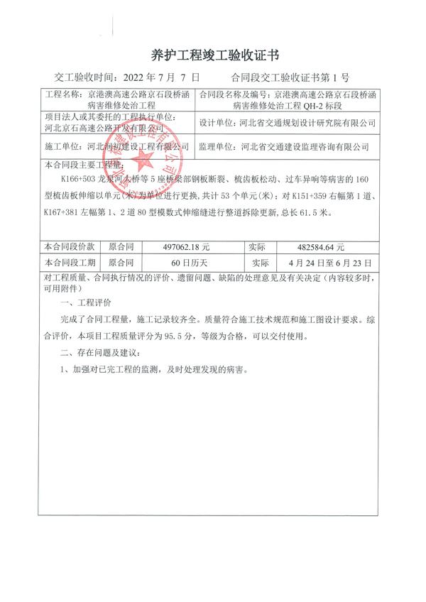 2022年橋涵病害維修處治工程QH-2標(biāo)驗(yàn)收證書(shū)
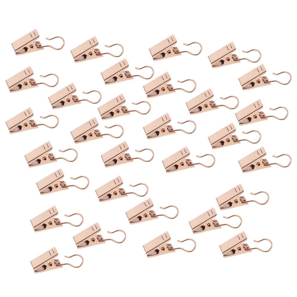 30 x Shower Curtain Clips with Hook Gliding Hanging Clamp Hanger Hook, Clothes Peg 32mm Gold
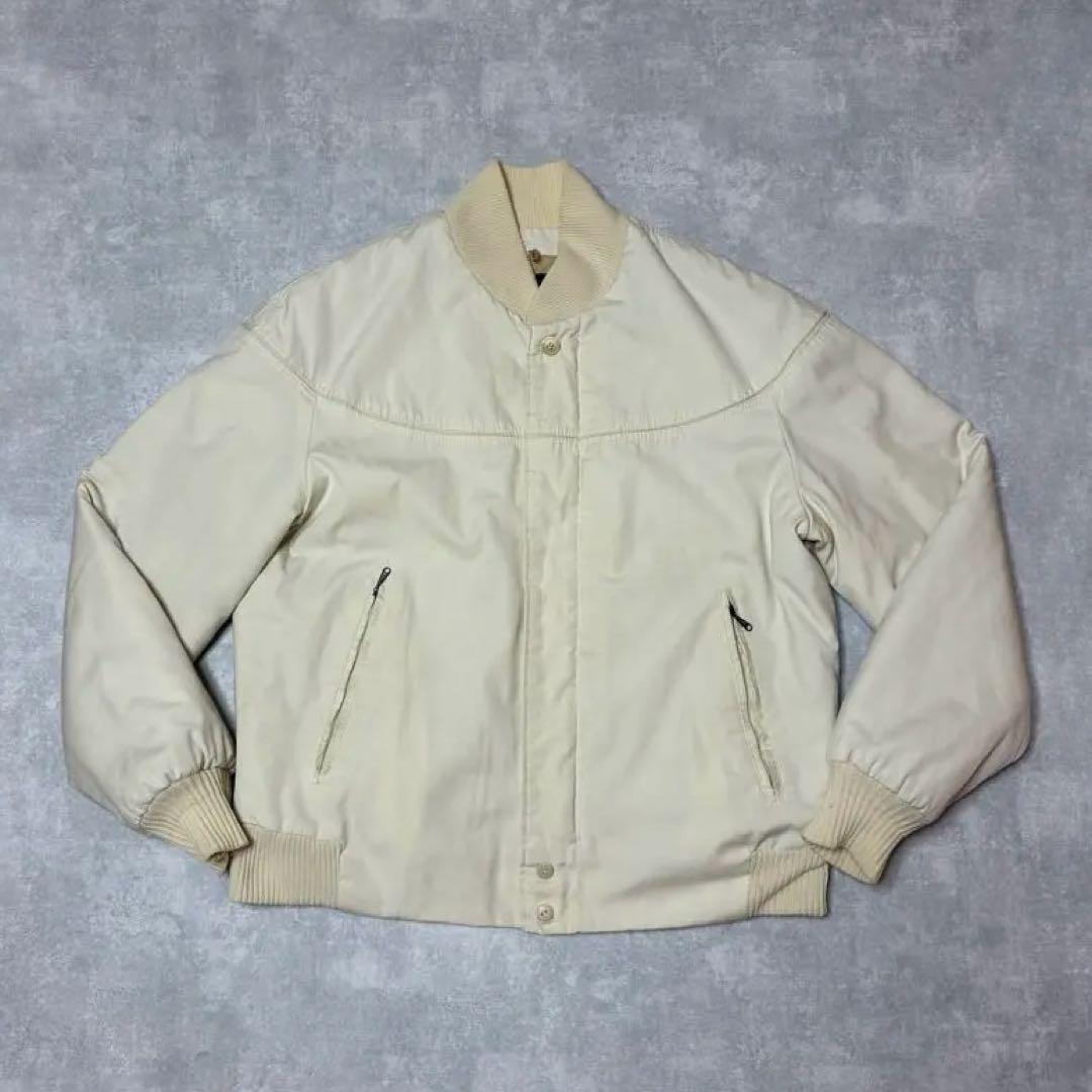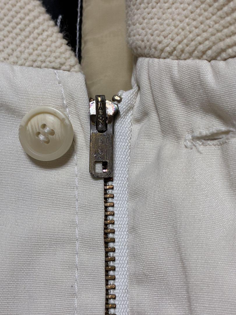 少しベージュみのあるホワイトのシェルにお馴染みカップショルダー、TALON製フロントジップ、両ポケットの涙TALON、比翼仕立て、リブ襟・袖・裾を装備。
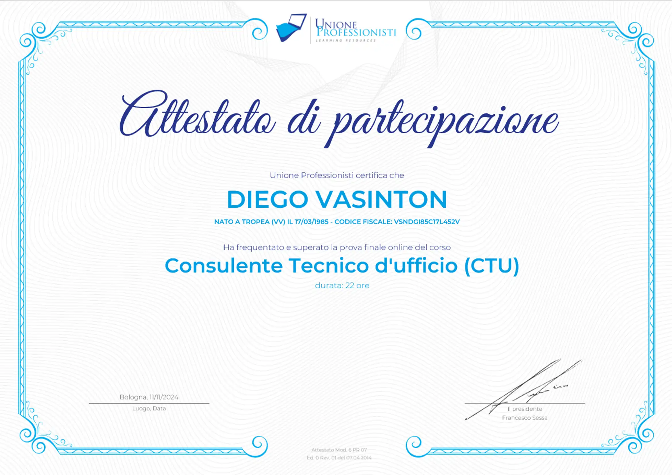 Diego Vasinton: Attestato C.T.U. Consulente Tecnico d'Ufficio
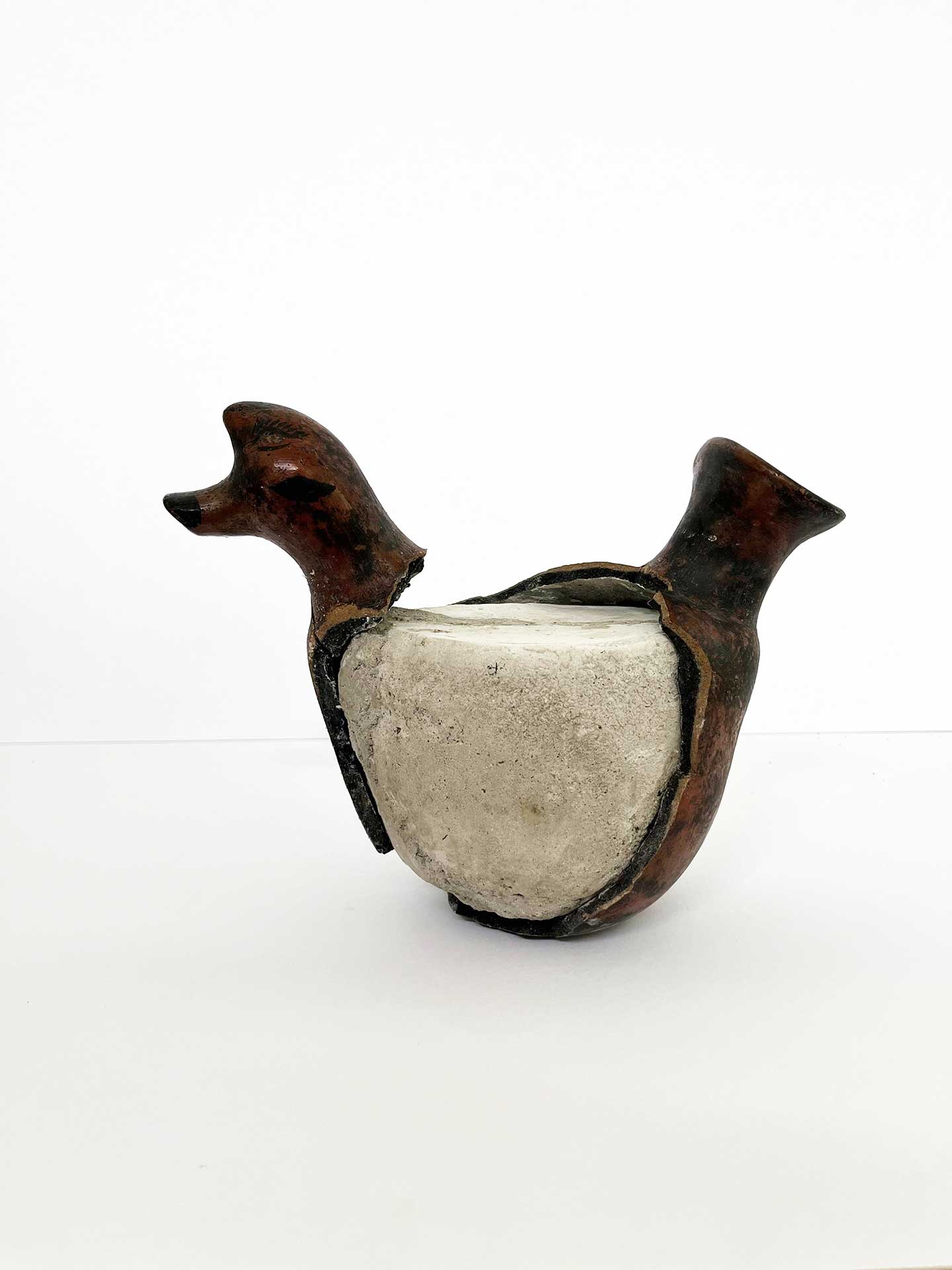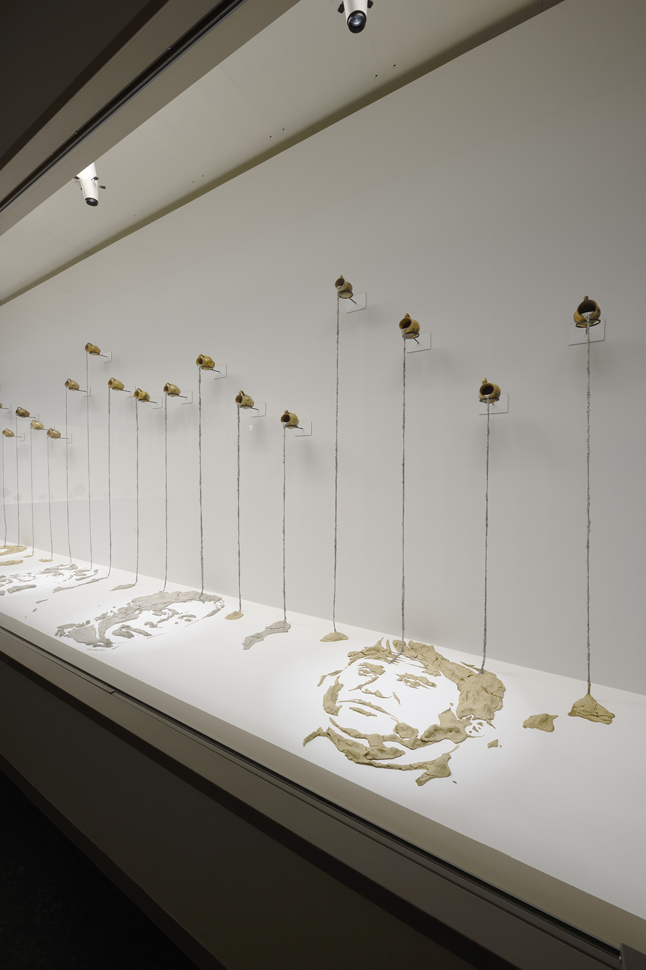 「あいち2025」で展示されている陶器は、先住民が日常生活で使用するものですが、その内側にはコンクリートが詰められています。コンクリートによって使いものにならなくなったこれらの器は、地域の支配階級が先住民のコミュニティにもたらした傷を暗に示しています。その背景には、ボロル・ボールの故郷サンフアンサカテペケスで行われたセメント工場の開発によって、地元コミュニティの水源が断たれてしまったという出来事があります。器から流れ出すコンクリートは、床に近付くにつれ土に変わり、展示ケース内の底辺に堆積して先住民の肖像画を浮かび上がらせています。メソアメリカの先住民族は、植民地化の過程において侵略や迫害を受けてきたのみならず、近現代史の大部分において、その存在を不可視のものとされてきました。これらの肖像画は、そのような状況にもかかわらず大地を守り、自然や生命の叡智を祖先から代々受け継いできた女性たちに捧げられています。
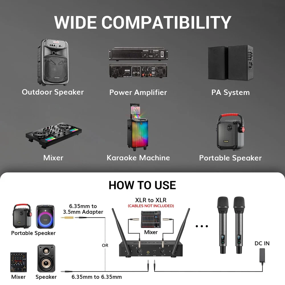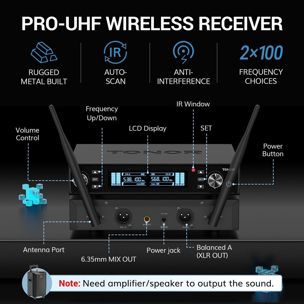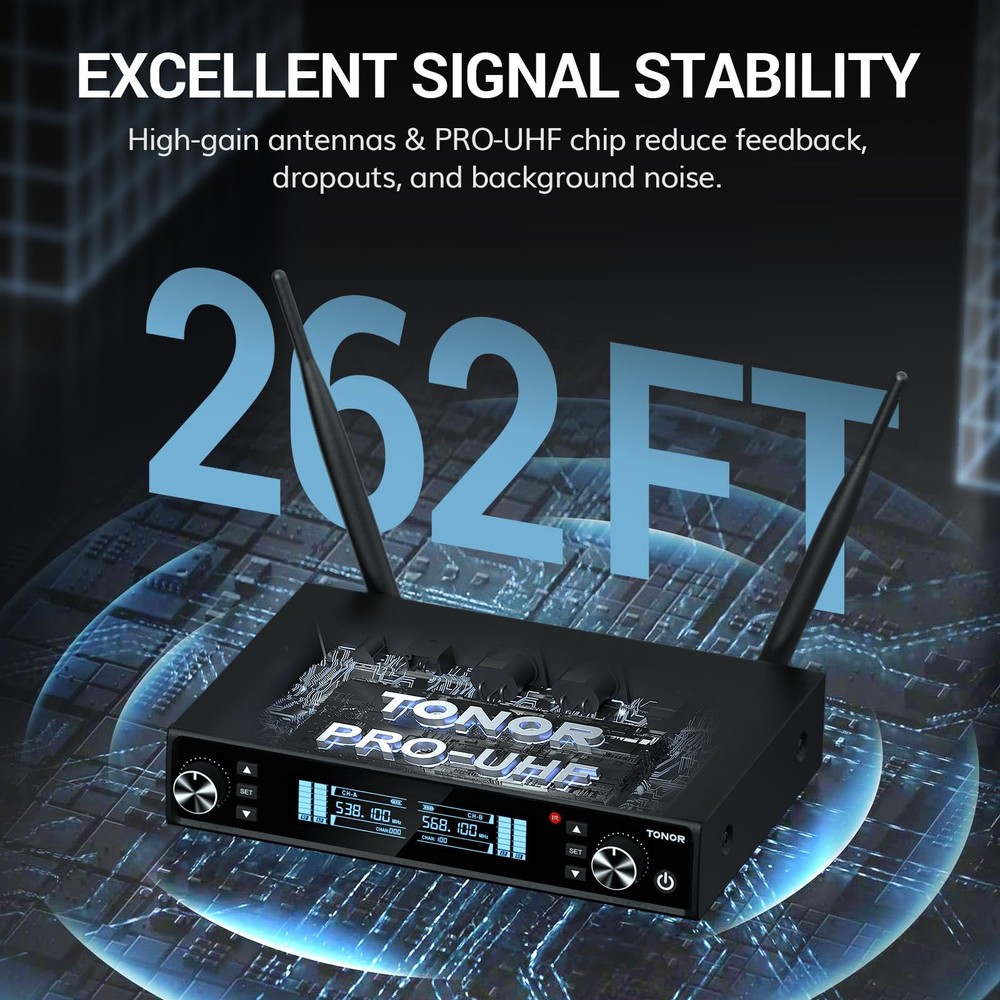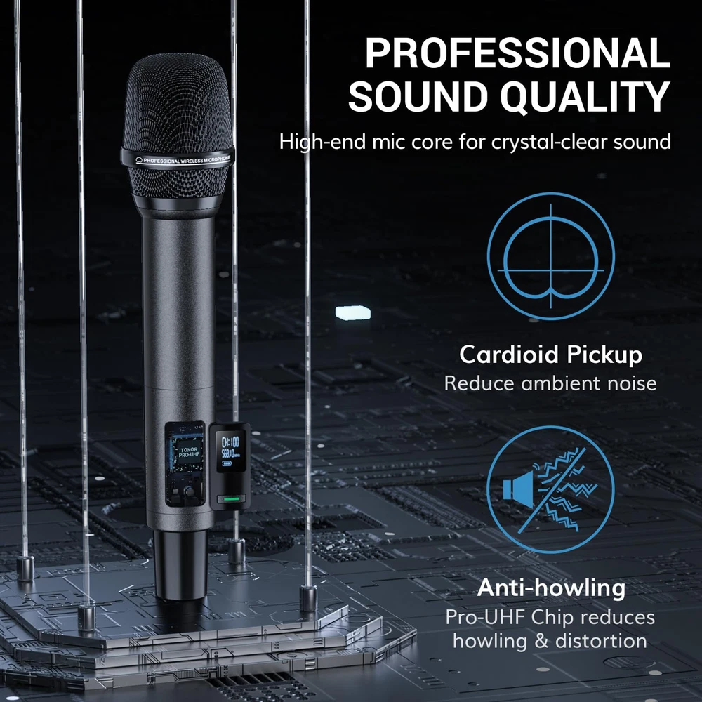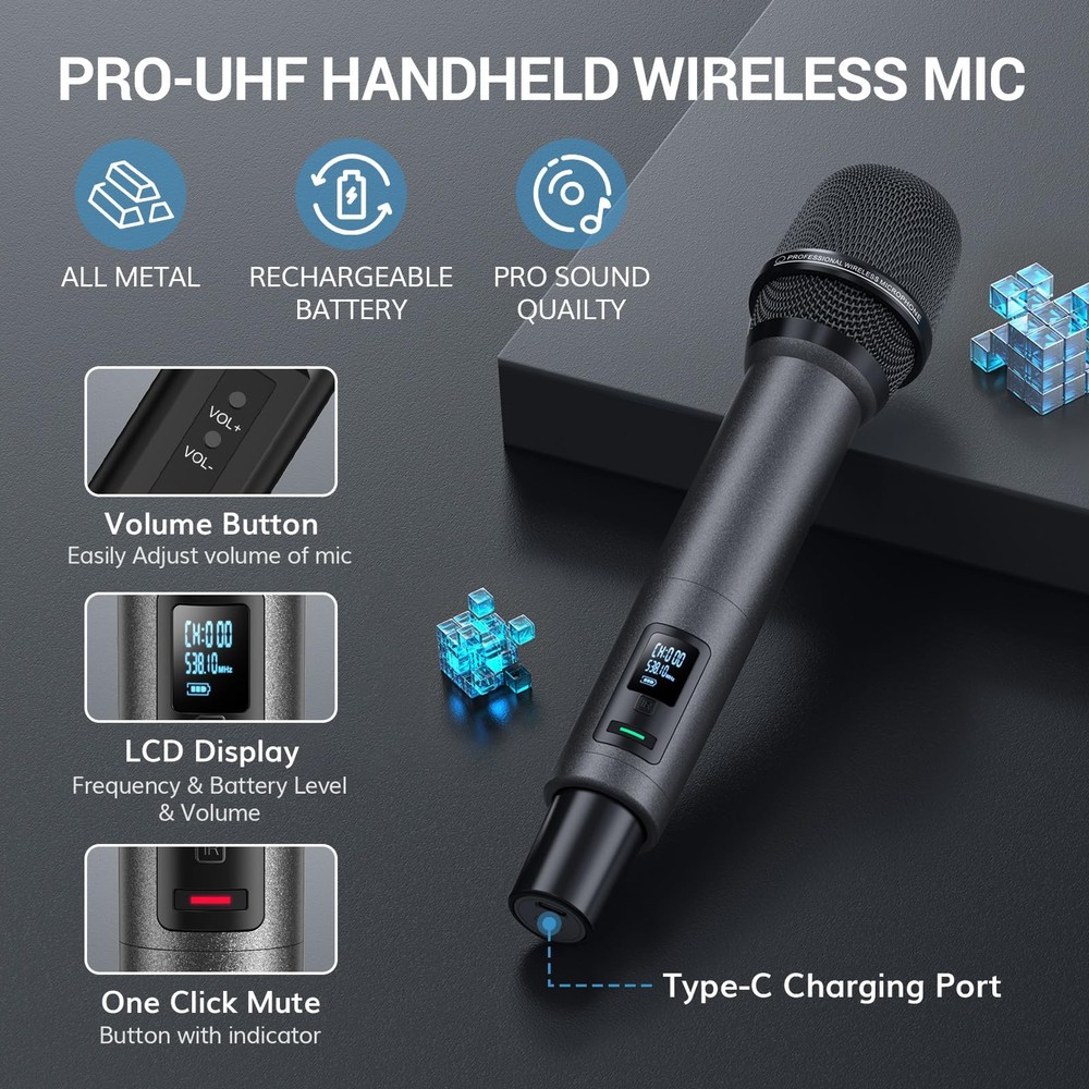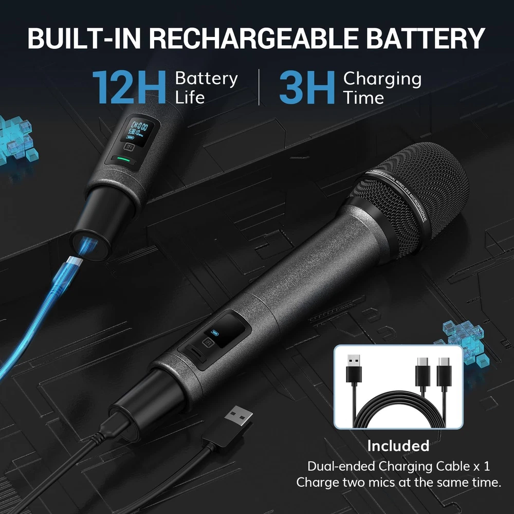 Wireless Microphone System, Auto Scan & Pair UHF Rechargeable Karaoke Mic, 2x100 Professional Dynamic Cordless Mic for Singing Church Wedding DJ with Adjustable Volume, Quick Mute 262ft TW550 Auto-Scan and IR Pairing: Automatically seeks out the most stable and interference-free frequencies; IR pairing process is fast and easy; each mic includes 100 UHF frequencies (538.1 to 597.8MHz) Excellent Signal Stability: The latest PRO-UHF connection chip and anti-interference antennas offer an ultra-long and ultra-stable transmission distance of 262 ft. (80 m); no dropouts, interference, or distortion Superior Sound Quality: Features a high-end cardioid dynamic mic core, ensuring clear and authentic sound quality; supports audio devices with 6.35 mm/3.5 mm/XLR ports; ideal for karaoke, church, weddings, performances, speeches, etc Rechargeable Wireless Microphones: Microphones feature 1100mAh built-in rechargeable batteries, no need for AA batteries; fully charged in 3 hours and last 11-12 hours; includes a dual-ended Type-C cable for simultaneous charging One-Click Mute and LED Indicator: Press the microphone button to mute instantly; the indicator on the button is green when working and red when muted Battery Level Display: The receiver and microphone screens show real-time battery levels, allowing you to recharge promptly and avoid sudden power loss during use Wireless Microphone System, Professional Metal UHF Rechargeable Wireless Mic, Handheld Cordless Dynamic Mic with Receiver for Karaoke, Church, Singing, Wedding, Meeting, Party, DJ, 200ft TW550 Shipping We offer FREE shipping on all orders! We ship within Three business days of payment, usually sooner. We use a selection of shipping services such as UPS, FedEx, USPS etc. We only ship to the lower 48 states, no APO/FPO addresses or PO Boxes allowed. Local pickups and combined shipping options are not provided at this time. Return You can return a product for up to 30 days from the date you purchased it. Any product you return must be in the same condition you received it and in the original packaging. Please keep the receipt. Payment We accept payment by any of the following methods: PayPal Please pay as soon as possible after winning an auction, as that will allow us to post your item to you sooner! Feedback Customer satisfaction is very important to us. If you have any problem with your order, please contact us and we will do our best to make you satisfied. Contact Us If you have any queries, please contact us via ebay. We usually respond within 24 hours on weekdays. Please visit our eBay store to check out other items for sale! Thank you for shopping at our store.

○ ○ ○ ○ ○ ○ ○

Copy exactly, and only, the lines from the first line of the material through the line that contains "Diego Vasinton: Attestato", both ends kept; no pictures.

 2022年橋涵病害維修處治工程QH-2標(biāo)驗(yàn)收證書(shū)
 30 x Shower Curtain Clips with Hook Gliding Hanging Clamp Hanger Hook, Clothes Peg 32mm Gold
 少しベージュみのあるホワイトのシェルにお馴染みカップショルダー、TALON製フロントジップ、両ポケットの涙TALON、比翼仕立て、リブ襟・袖・裾を装備。
 Diego Vasinton: Attestato C.T.U. Consulente Tecnico d'Ufficio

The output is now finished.